The Lamb was drawn out of her day dream when a seedy looking rat-man darted out of a passing ally and in front of the cult leader's path. Standing half a head taller he smiled with a twitch, chipped teeth, and one blood shot eye as he reached into his smelly, stain ridden jacket.

"Hey girl," the damned soul crooned, "wana help me with a little somein'? I'll make it worth your while~" He held up a clear baggy filled tight with some kind of off blue color, dangling it in the Lamb's face.

She just smiled lightly and walked around the soul who got in front of her again.

"Come on now, just lookin for a small favor is all. Besides I managed to swipe this stuff off one of Valentino's supply runs from Sloth so I can guarantee that this is top shit!"

The Lamb, now even less amused, shoved the sinner away with a hand and tried walking on.

The rat like sinner growled at being ignored and shoved aside, pulled out a switchblade from his jacket. He marched up and grasped the Lamb's wrist tightly as she tried to walk away.

"Alright bitch, you don't just go and-GAK!" He was cut off as the Lamb's other arm suddenly swung around and grasped the sinner's neck like a vice. She threw him forward as his grip on her wrist loosened and quickly plunged her crown, which had taken the form of a dagger, into the neck of the sinner. Blood sprayed out of his severed jugular as he desperately tried to stop the bleeding with his hands.

The Lamb continued on, having not even looked at the sinner once though their little altercation. The Red Crown floated to the top of her head looking quite pleased at having drawn the blood of an evil soul in this new place.

With an annoyed huff she continued down the street silently listening to the wisps of unseen unholy energy.

The red sky of Hell had grown darker, likely an indicator of the coming night.

Lights on the street flicked on and some doors of shops around her closed their doors and locked their windows. For those that stayed open, colorful lights which the Lamb had never thought possible turned on to entice the night goers like a carnivorous plant.

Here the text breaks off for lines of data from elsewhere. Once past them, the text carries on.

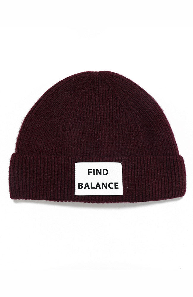 Leuke muts van het merk VERB TO DO in bordeaux rood met de tekst 'Find balance'. Ze is gemaakt met gerecyclede materialen (Repreve).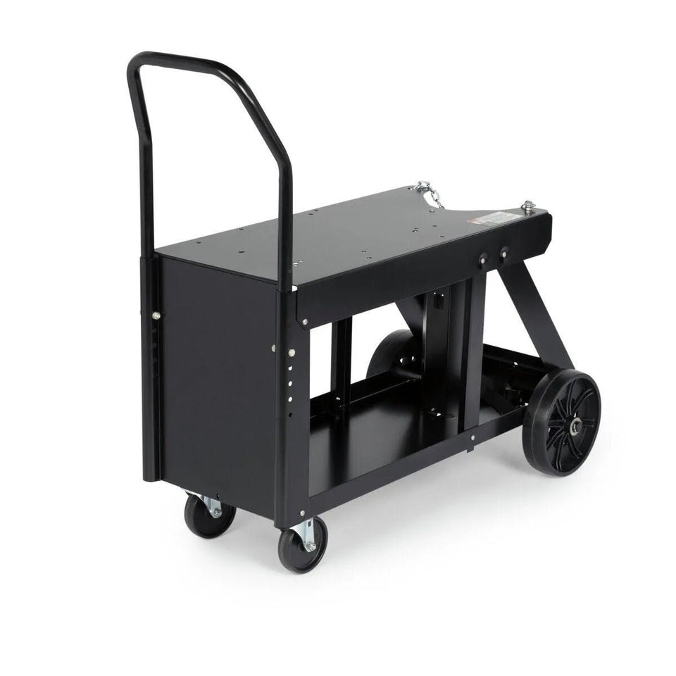 Upgrade your welding set up with this durable and versatile Utility Cart. This cart is designed to securely transport a power source, 150 cu.ft gas cylinder, tools and welding accessories. With an adjustable handle, front casters, and rear wheels, this compact cart conveniently maneuvers your welding setup across a construction site, workshop or garage.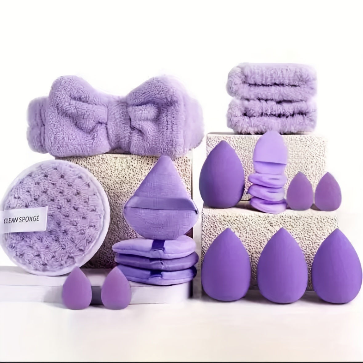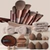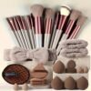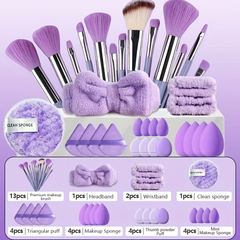 Ensemble amélioré de pinceaux de maquillage + nettoyage du visage marron, Ensemble amélioré de pinceaux de maquillage + nettoyage du visage violet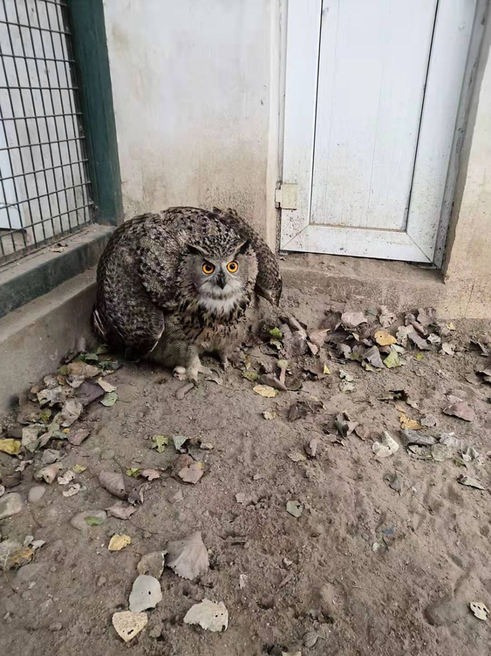雕鸮是人们俗称的猫头鹰的一种,国家二级保护动物。秋冬季节,因为食物短缺,不少猛禽会偷吃村庄中饲养的家禽。这只雕鸮就是在饱餐过程中被村民发现的。救护中心工作人员在接受这只猛禽时,做了例行的身体检查,没有发现任何伤病,“就是饿了。”

The Lamb couldn't help but look at the blinding lights in wonder as they shined brightly against the dark red of the sky.

Unfortunately, however, the coming of night didn't sooth the noise or rampant sinning in the streets, if anything it only got louder.

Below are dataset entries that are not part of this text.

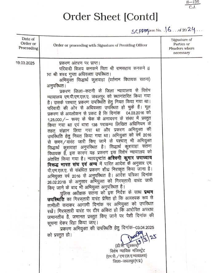 दरअसल, कांग्रेस विधायक सिद्धार्थ कुशवाहा को साल 2016 से लगातार समन जारी किए जा रहे थे। कोर्ट के बार-बार समन भेजने के बाद भी वे हाजिर नहीं हो रहे थे। जिसके बाद आज जबलपुर के विशेष न्यायिक मजिस्ट्रेट एमपी एमएलए कोर्ट से आदेश जारी हुआ है।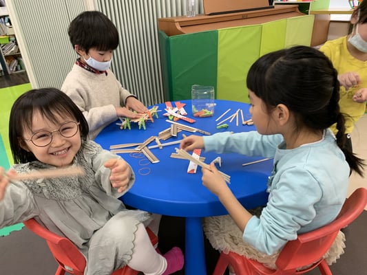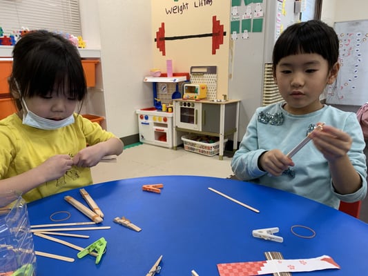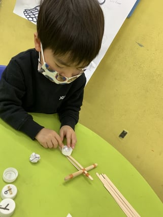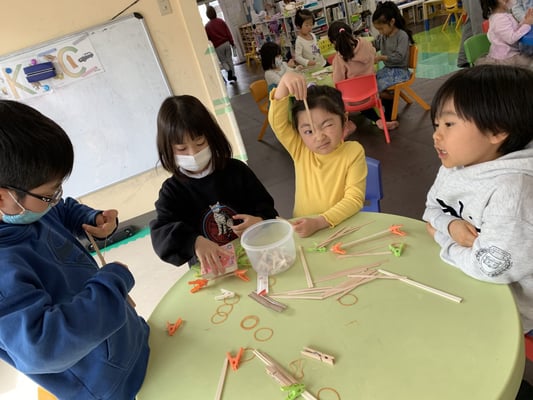 輪ゴムで止まった部分と離れた部分で勢いをつけ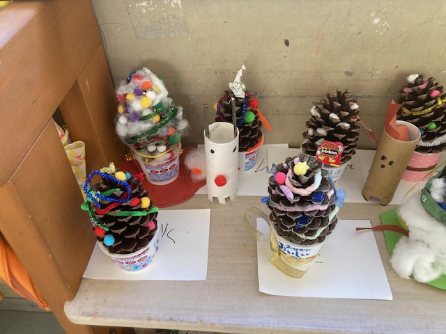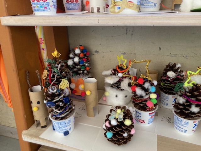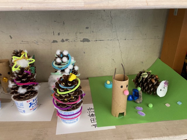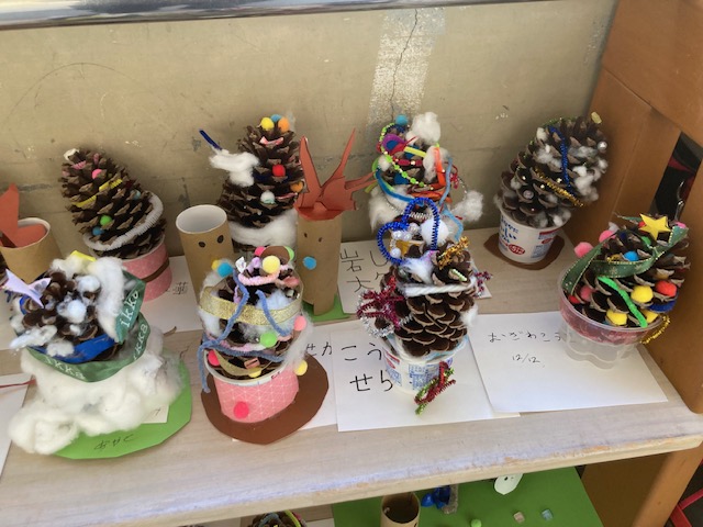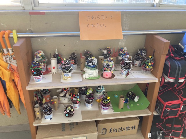 12月 15 2025 クリスマスに向けて(2年生) 2年生の廊下には一人一人が図工の時間に松ぼっくりで作ったクリスマスツリーが並んでいました。担任の先生に「とてもかわいいクリスマスツリーですね」とたずねると「クラスの保護者の方が大きな形のよい松ぼっくりをくさだったんです。それを使ってみんなで作りました。」と教えてくれました。さらに「とてもかわいいですよ。」と誇らしげに話してくれました。クリスマスまであと10日足らずとなりました。子どもたちもなんだかワクワクした表情にみえます。

At one point she passed by a store that was still open with a bunch of sinners huddled around the entrance playing with these strange flat rectangles that she had been seeing everywhere.

"Hey you!" the Lamb's ears perked as her head swiveled to the one calling her, "Yeah, you jackass! Getting bored you're your old Hellphone? Well we here at Voxteck have got you covered!"

There in the window of the store she walked by was a collection of strange looking boxes that had a person trapped in them. They were all showing the same thing.

The individual talking from the box had a really wide and flat face that was blue with a sharp toothy smile that the Lamb could easily see right past. His mismatched eyes seemed to draw in anyone who happened to look at the glowing boxes.

When she looked at his eyes, the cult leader immediately went on high alert when she felt something trying to worm its way into her mind. The Crown stopped it before it could even get a foot hold, but now she was wary.

The loud box man continued, "Introducing our newest model of Hellphone, the 6.66! Yes we made it to the funny number, you fucking hacks! Our newest model comes with a variety of new features including a new security system!"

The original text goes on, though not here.